> SUPPLIED RECORDS:
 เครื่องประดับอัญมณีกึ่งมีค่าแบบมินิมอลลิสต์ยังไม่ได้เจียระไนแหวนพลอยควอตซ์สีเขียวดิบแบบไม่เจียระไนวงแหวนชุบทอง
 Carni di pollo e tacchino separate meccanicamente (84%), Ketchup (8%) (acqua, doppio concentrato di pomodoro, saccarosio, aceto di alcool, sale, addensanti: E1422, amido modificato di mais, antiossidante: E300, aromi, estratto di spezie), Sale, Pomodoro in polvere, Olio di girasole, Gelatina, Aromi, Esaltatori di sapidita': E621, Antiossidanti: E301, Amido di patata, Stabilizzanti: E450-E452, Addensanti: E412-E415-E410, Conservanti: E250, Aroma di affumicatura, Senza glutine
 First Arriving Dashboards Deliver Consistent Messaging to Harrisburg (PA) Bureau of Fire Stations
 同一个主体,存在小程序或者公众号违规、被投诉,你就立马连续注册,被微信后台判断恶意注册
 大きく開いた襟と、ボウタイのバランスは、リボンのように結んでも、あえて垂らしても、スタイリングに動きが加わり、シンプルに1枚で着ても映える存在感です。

---

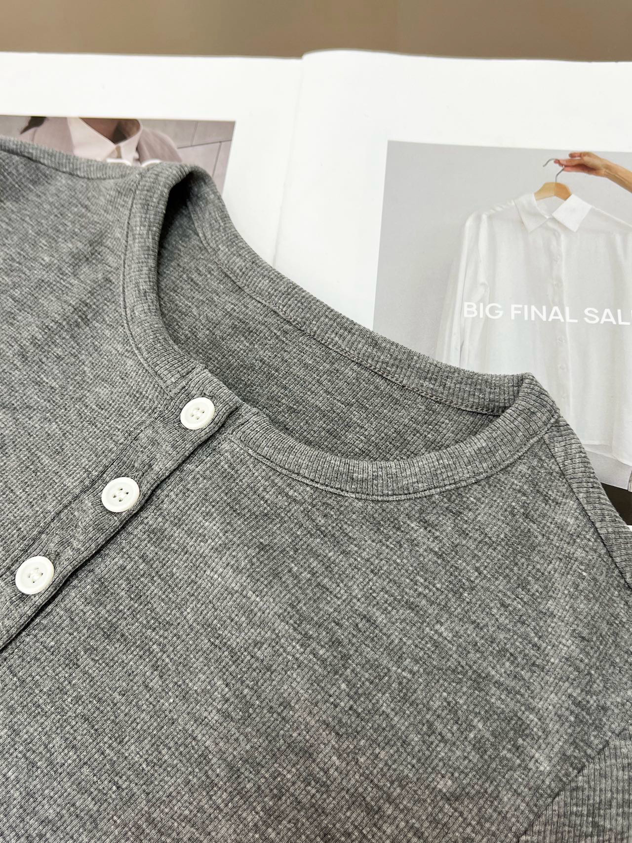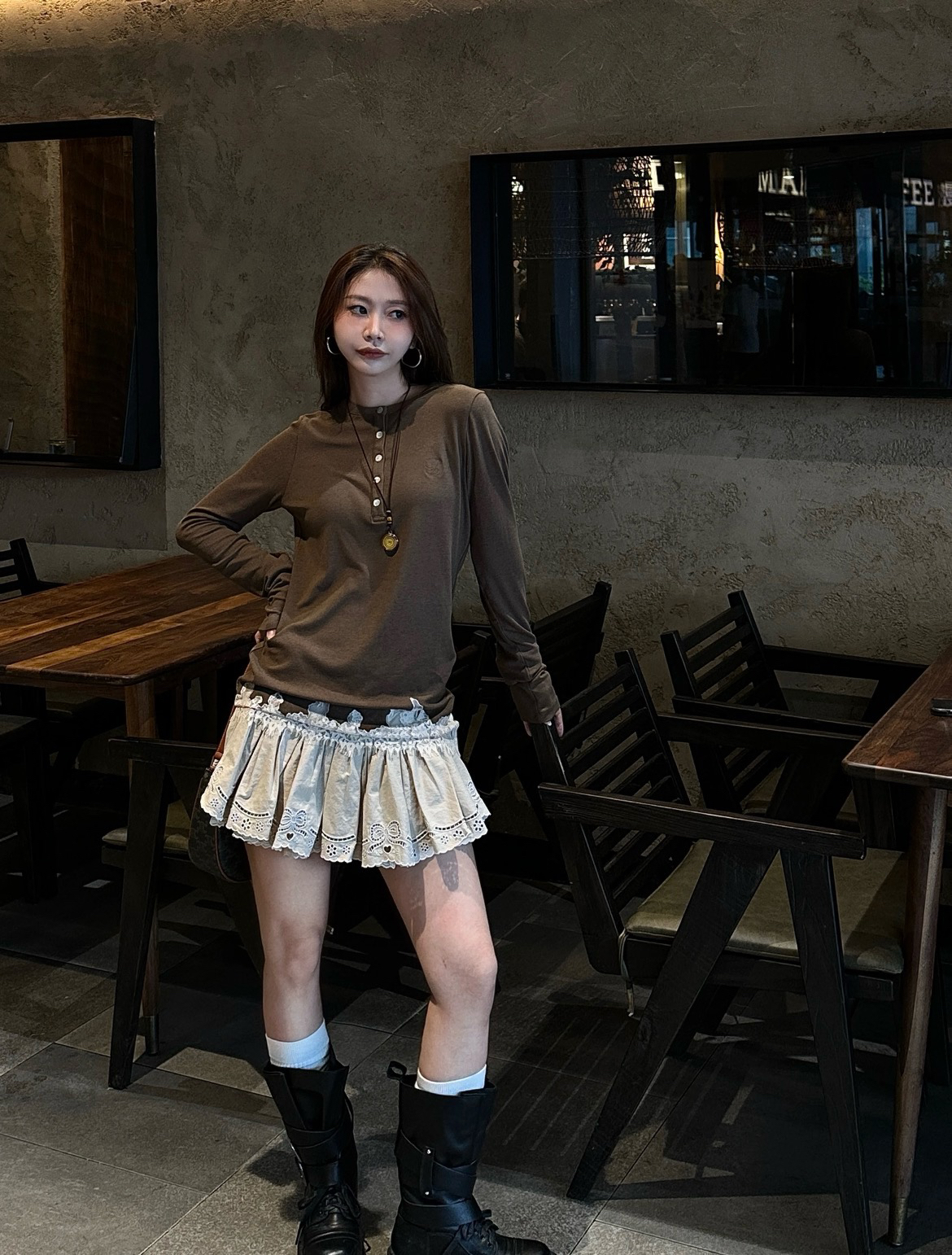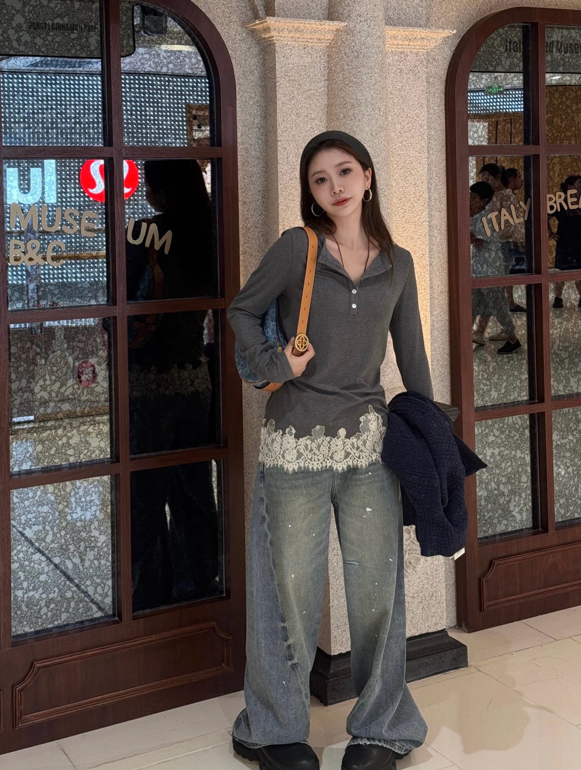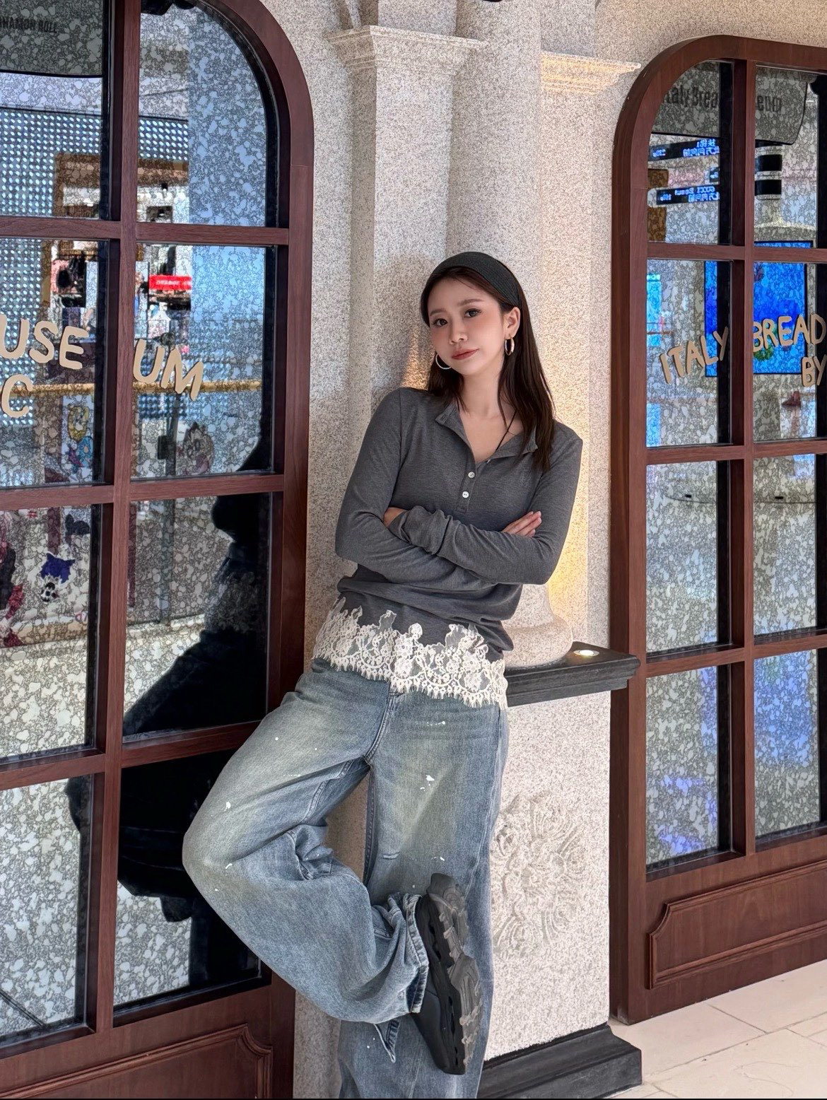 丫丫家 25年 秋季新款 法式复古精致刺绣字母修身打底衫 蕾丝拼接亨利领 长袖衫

> REQUIRED WORK: After locating the line with "Carni di pollo" in the material above, return it and each line after it exactly, ending at the line with "First Arriving Dashboards".

> EXERCISE SOLUTION:
 Carni di pollo e tacchino separate meccanicamente (84%), Ketchup (8%) (acqua, doppio concentrato di pomodoro, saccarosio, aceto di alcool, sale, addensanti: E1422, amido modificato di mais, antiossidante: E300, aromi, estratto di spezie), Sale, Pomodoro in polvere, Olio di girasole, Gelatina, Aromi, Esaltatori di sapidita': E621, Antiossidanti: E301, Amido di patata, Stabilizzanti: E450-E452, Addensanti: E412-E415-E410, Conservanti: E250, Aroma di affumicatura, Senza glutine
 First Arriving Dashboards Deliver Consistent Messaging to Harrisburg (PA) Bureau of Fire Stations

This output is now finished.